» PROBLEM: Everything from the first line of the data below through the line that contains "Light Pink Dabu Cotton kurti" should be written out exactly, please, and nothing more; the pictures stay out.

##### MATERIAL SHOWN

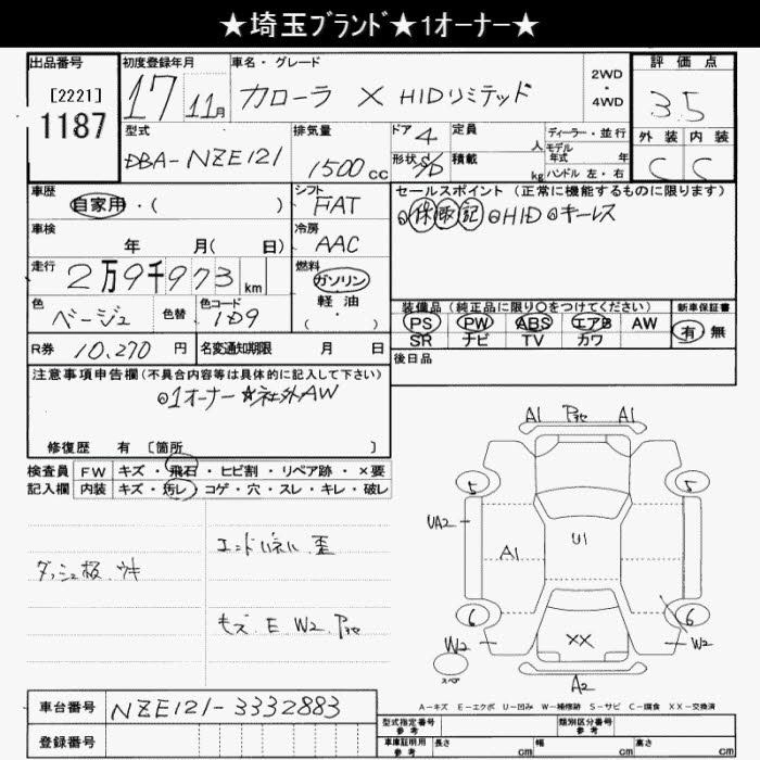 | X HID LIMITED | DBA-NZE121 | 1NZ-FE | FF | 4AT | 1496cc | 110ps(81kW)/6000rpm | AИ-92 | 1 554 000 | |
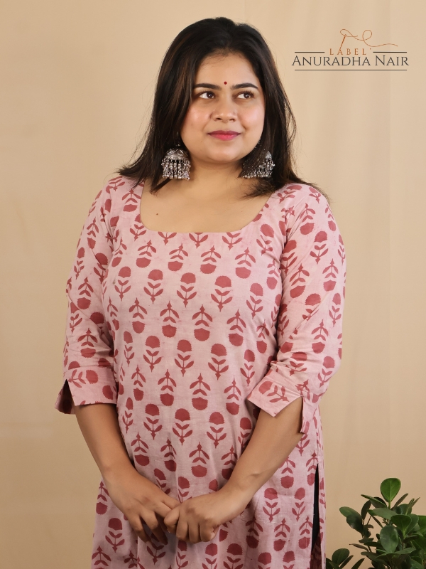 Light Pink Dabu Cotton kurti
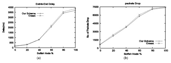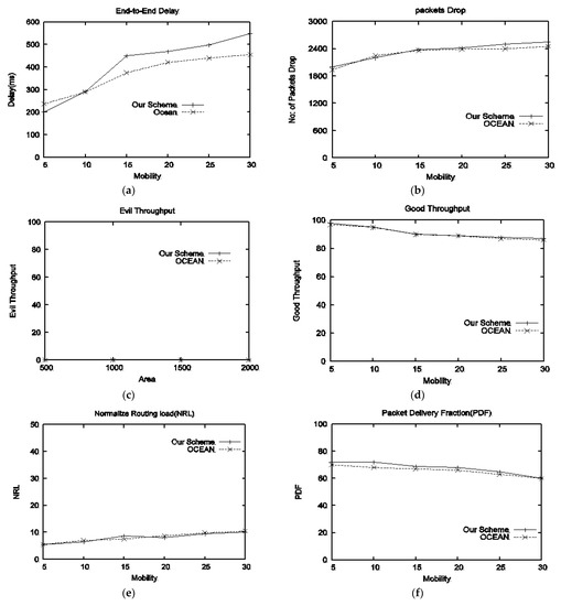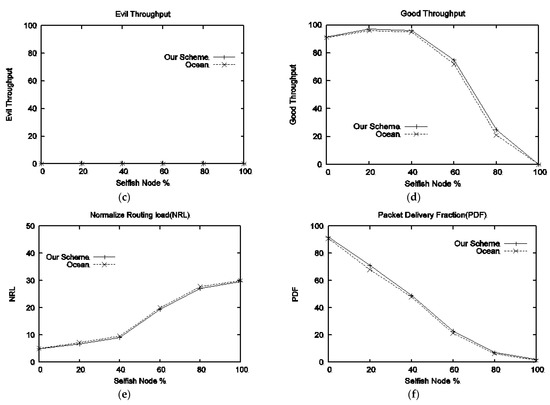 Results of both schemes in terms of delay, packet drop, evil throughput, good throughput, NRL, and PDF against the different percentages of selfish attackers are shown in Figure 7a–f. End-to-end delay is presented in Figure 7a; our scheme produces a minimal delay as compared to OCEAN. Packet drop is given in Figure 7b; a small amount of packet drop can be observed in our scheme throughout all selfish percentages, as our scheme does not allow a selfish node again once detected, while OCEAN gives a second chance to selfish nodes to participate in the network. Figure 7c represents evil throughput; both schemes show a zero evil throughput, as nodes do not take part in the REEQ and RREP phase. Figure 7d represents good throughput; it can be observed that our scheme performs better than OCEAN in the presence of selfish percentage ranging from 0% to 100%. NRL is presented in Figure 7e; NRL produced by our scheme is less than OCEAN along with all selfish percentages. PDF is shown in Figure 7f; it can be witnessed that our scheme outperforms OCEAN in terms of PDF.
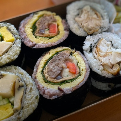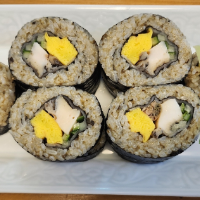 다양하게 맛볼수 있는 건강하고 대접받는 느낌인 이름처럼 명품김밥입니다. 옥돔김밥 짭조름에 밥과 잘어울리고 전복김밥은 고소한맛이 일품입니다.
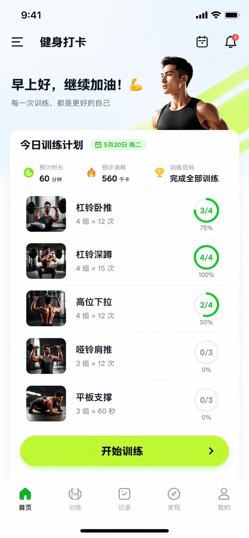 设计一个健身打卡App首页,顶部有导航栏,中间是今日训练计划,每个项目显示名称和完成进度,底部有开始训练按钮,整体风格运动、活力、接近iOS设计规范
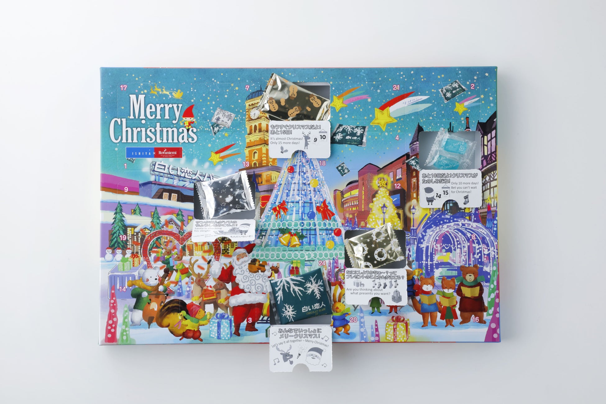 「白い恋人」をはじめ、イシヤのいろいろなお菓子が楽しめるサンタクロースと愉快な仲間たちがデザインされたアドベントカレンダー。12月1日から毎日1つずつ蓋を開けて、お菓子を楽しみつつ、待ち遠しいクリスマスまでカウントダウンができる、毎年大人気の商品です。

##########

» RESULT FOR THIS EXERCISE:
 | X HID LIMITED | DBA-NZE121 | 1NZ-FE | FF | 4AT | 1496cc | 110ps(81kW)/6000rpm | AИ-92 | 1 554 000 | |
 Light Pink Dabu Cotton kurti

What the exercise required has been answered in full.